The idea is that it is your data so the service provider should not be allowed to silo it for their own use. Fair idea, understandable, but possibly a real pain for some organisations!

Another principle is that Data Processors are also legally liable for data handling, whereas previously, only the Data Controller is. For example, a company uses another company for storing Backups. The Backup company loses the data, which 'belongs' to the Data Controller, therefore, they are in the firing line. In the new regulations, the Processor (the Backup company) are liable for their own failings. Again, this is reasonable. I assume the Contractors I use are professional and following all the relevant regulations, how can I know if they are doing something dodgy?

Conclusion

Although the GDPR will create work for people who have not previously worked under a Data Protection Act, as regulations go, it is written in clear language that most professionals would understand without specific legal advice.

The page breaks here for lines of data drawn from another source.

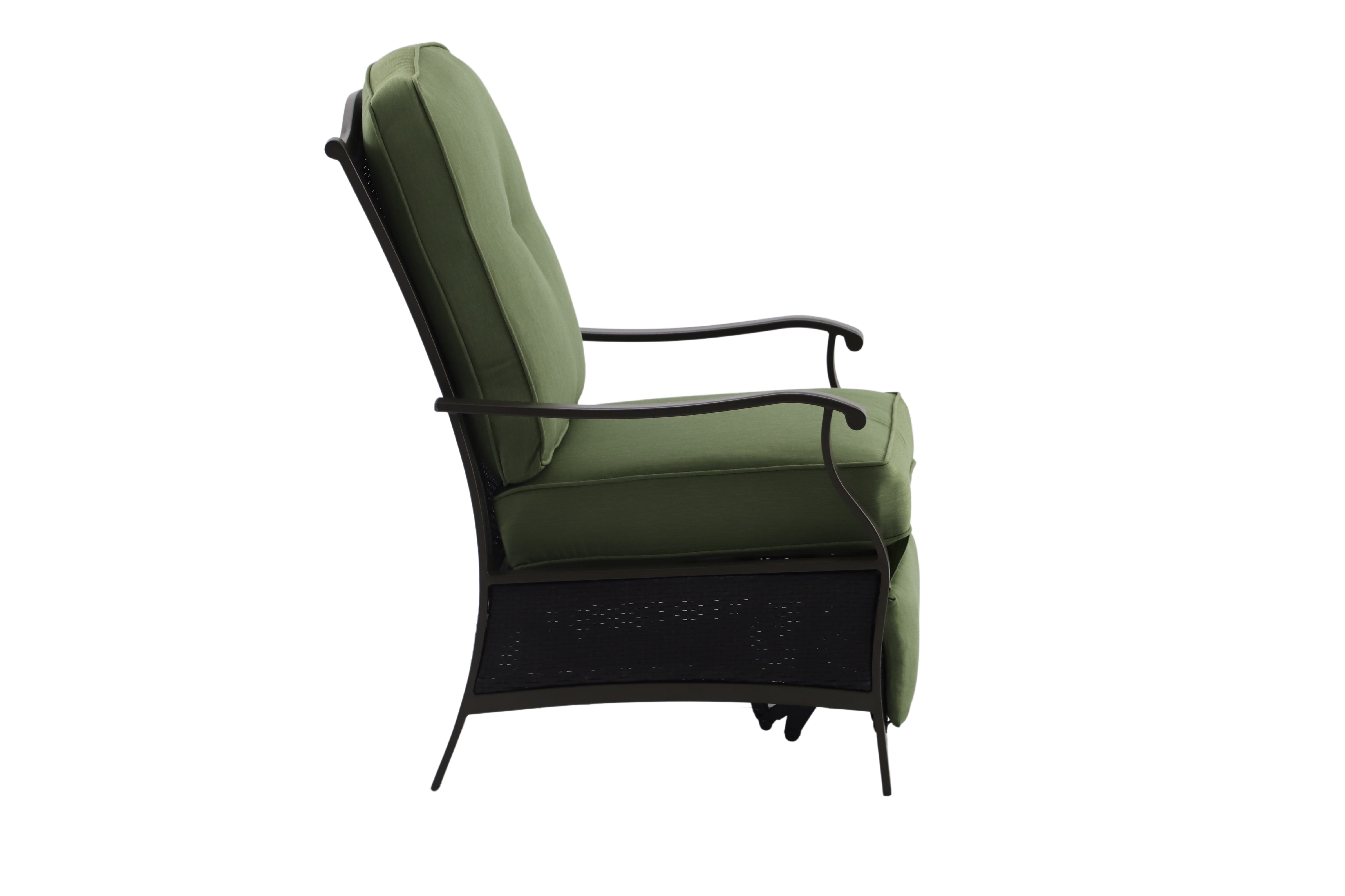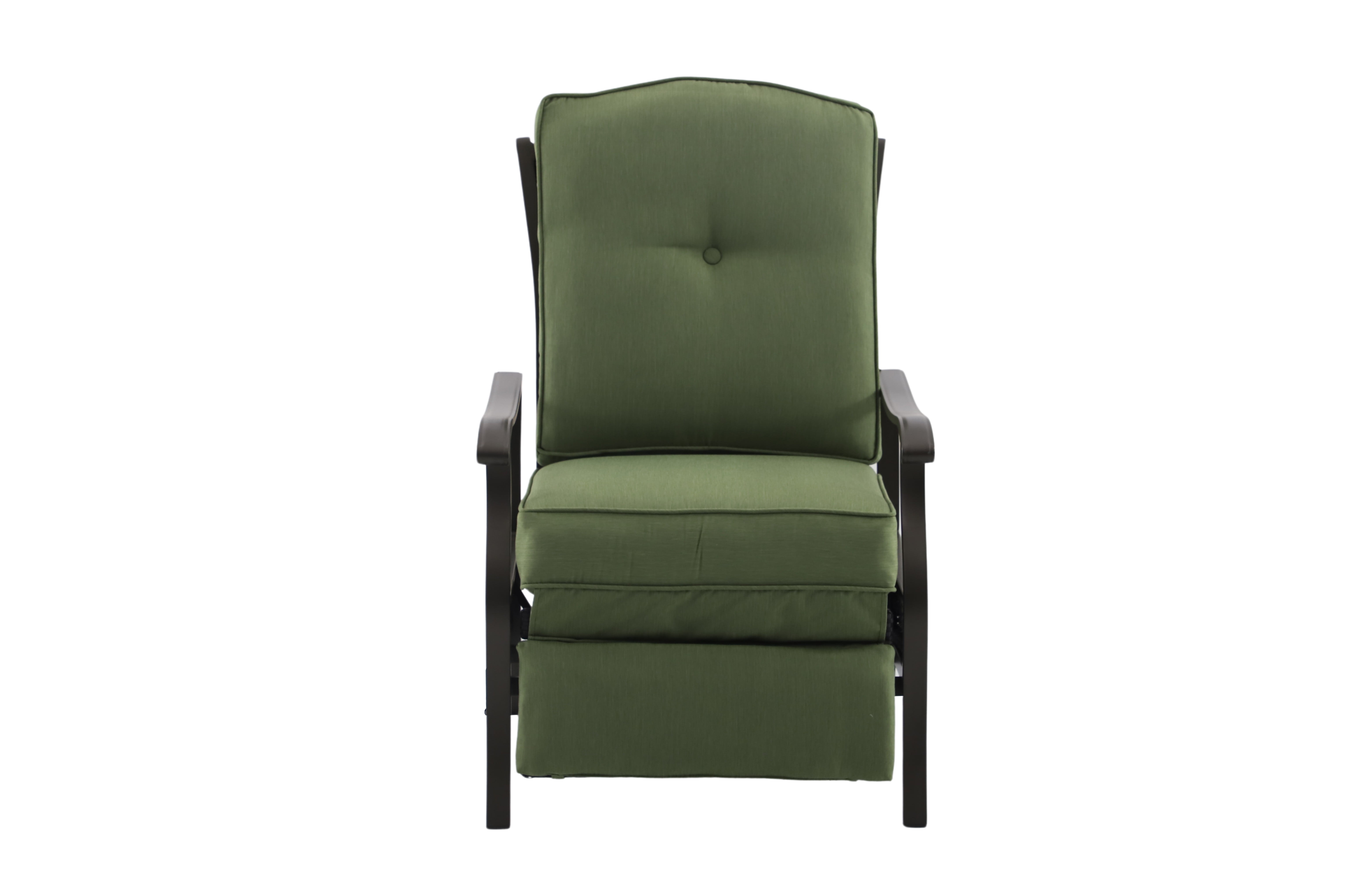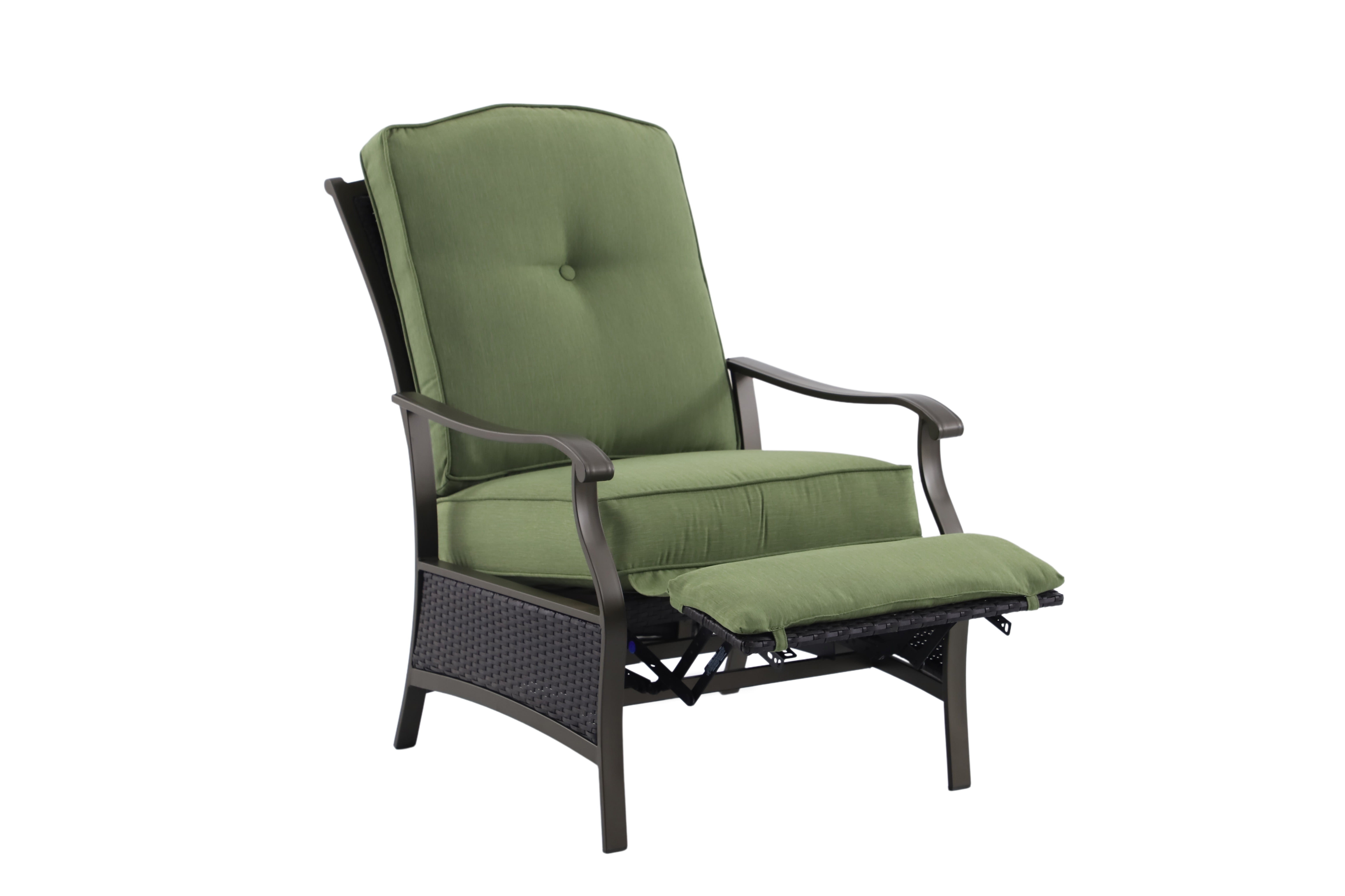 Create a serene and comfortable outdoor space with the Better Homes & Gardens Providence Steel Outdoor Recliner with Cushions, Green/Bronze. This recliner is perfect for unwinding and enjoying nature. The cushions are wrapped in green, fade-resistant, and moisture-wicking olefin fabric for ultimate comfort. The sturdy frame is made of powder-coated, rust-resistant steel with a bronze finish, and wicker accents add a touch of traditional style. This recliner is part of the Providence outdoor furniture collection and comes with assembly instructions. Relax, read, or have a pleasant conversation on the Providence Steel Outdoor Recliner, a cozy addition to any outdoor area.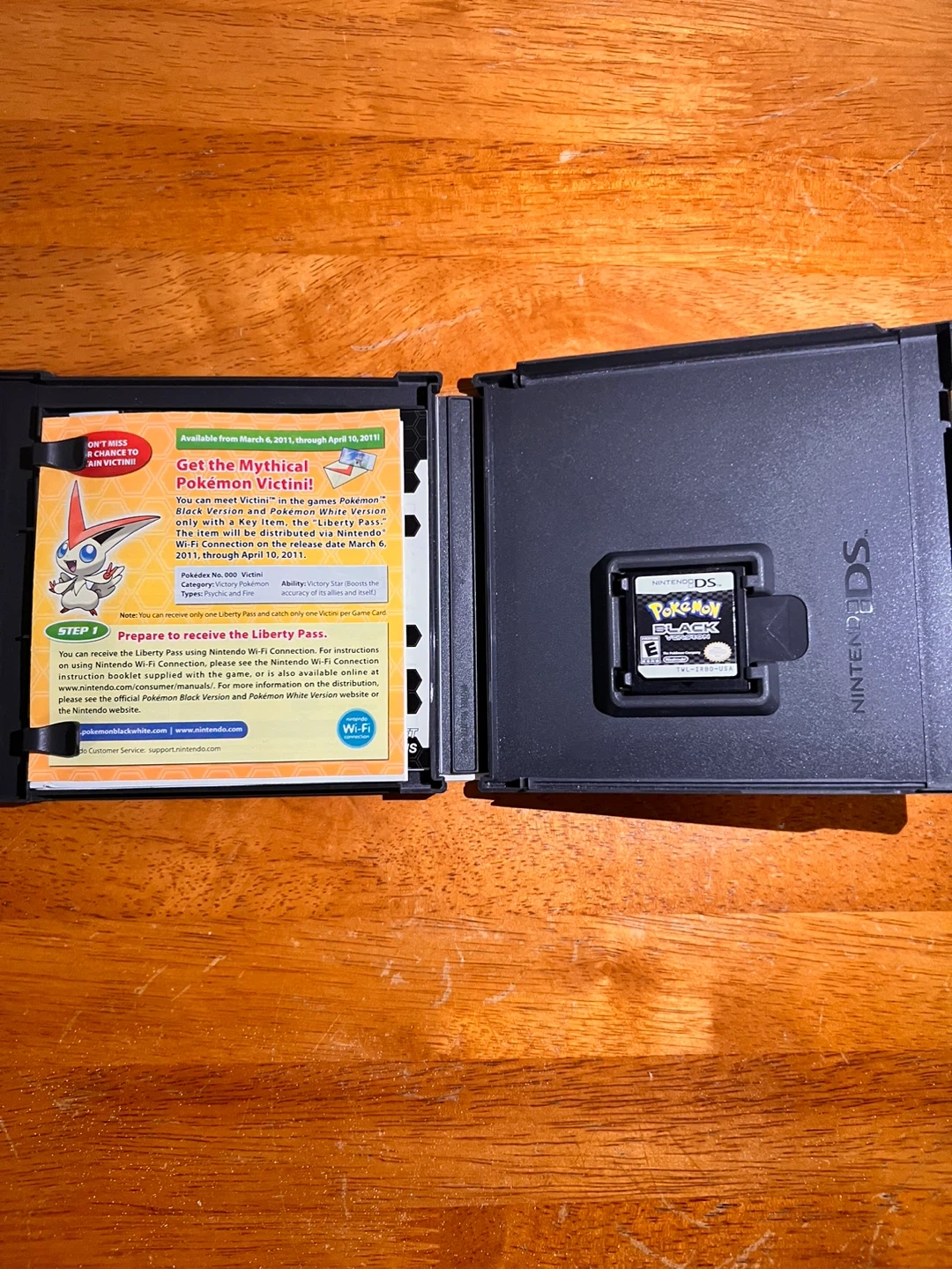 Selling Pokémon Black Version for the Nintendo DS! It’s complete in box down to the special promotion for the Pokemon Victini and in mint condition. Everything has been tested and is working flawlessly. Check out my other listings for more video games and collectibles.
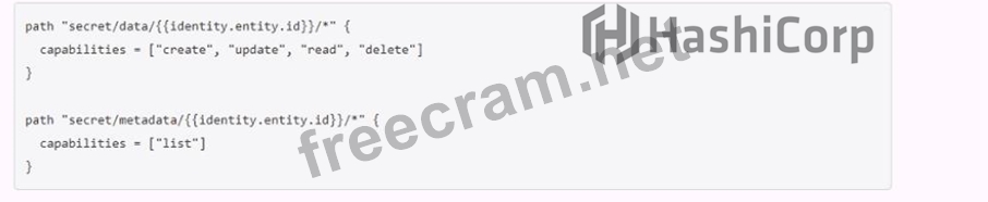 The "secret/data/{identity.entity.id}" path is where the user can store and retrieve data that is related to the secret endpoint identity. For example, the user can store some configuration or preferences for the secret endpoint identity in this path. The "secret/metadata/{identity.entity.id}" path is where the user can list the metadata of the data stored in the "secret/data/{identity.entity.id}" path. For example, the user can list the version, creation time, deletion time, and destroy time of the data in this path.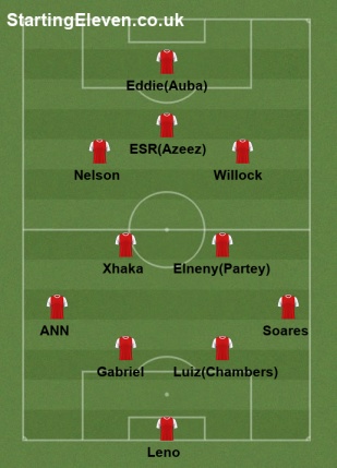 Rúnarsson, Cedric, Chambers, Luis, AMN, Elneny, Partey, Pepe, Willian, Martinelli and Nketiah/Auba. We should see Ceballos, ESR and/or Auba/Balogun come on later, assuming we don’t have any defensive injuries.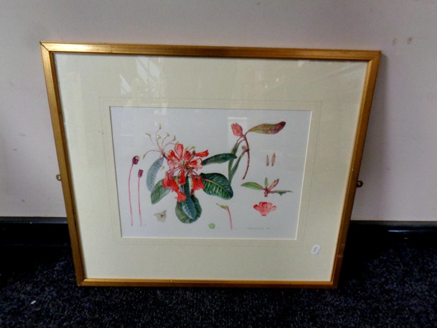 A Catherine Prentis watercolour study, Rhododendron, in a gilt frame

The idea that there is any risk that is disproportional to other new regulations is also groundless since the ICO have clearly said the higher end of the fines is for persistent and deliberate offenders. The workload for the ICO will be so large in the UK, that it is virtually a given that a small mistake in your system would warrant nothing more than a warning letter (if that).

There are weaknesses in the legal process and it does make legal experts and lawyers lots of money and that is a different problem to solve. If we needed an example to prove these problems in the legal world, however, the GDPR would not be one of them!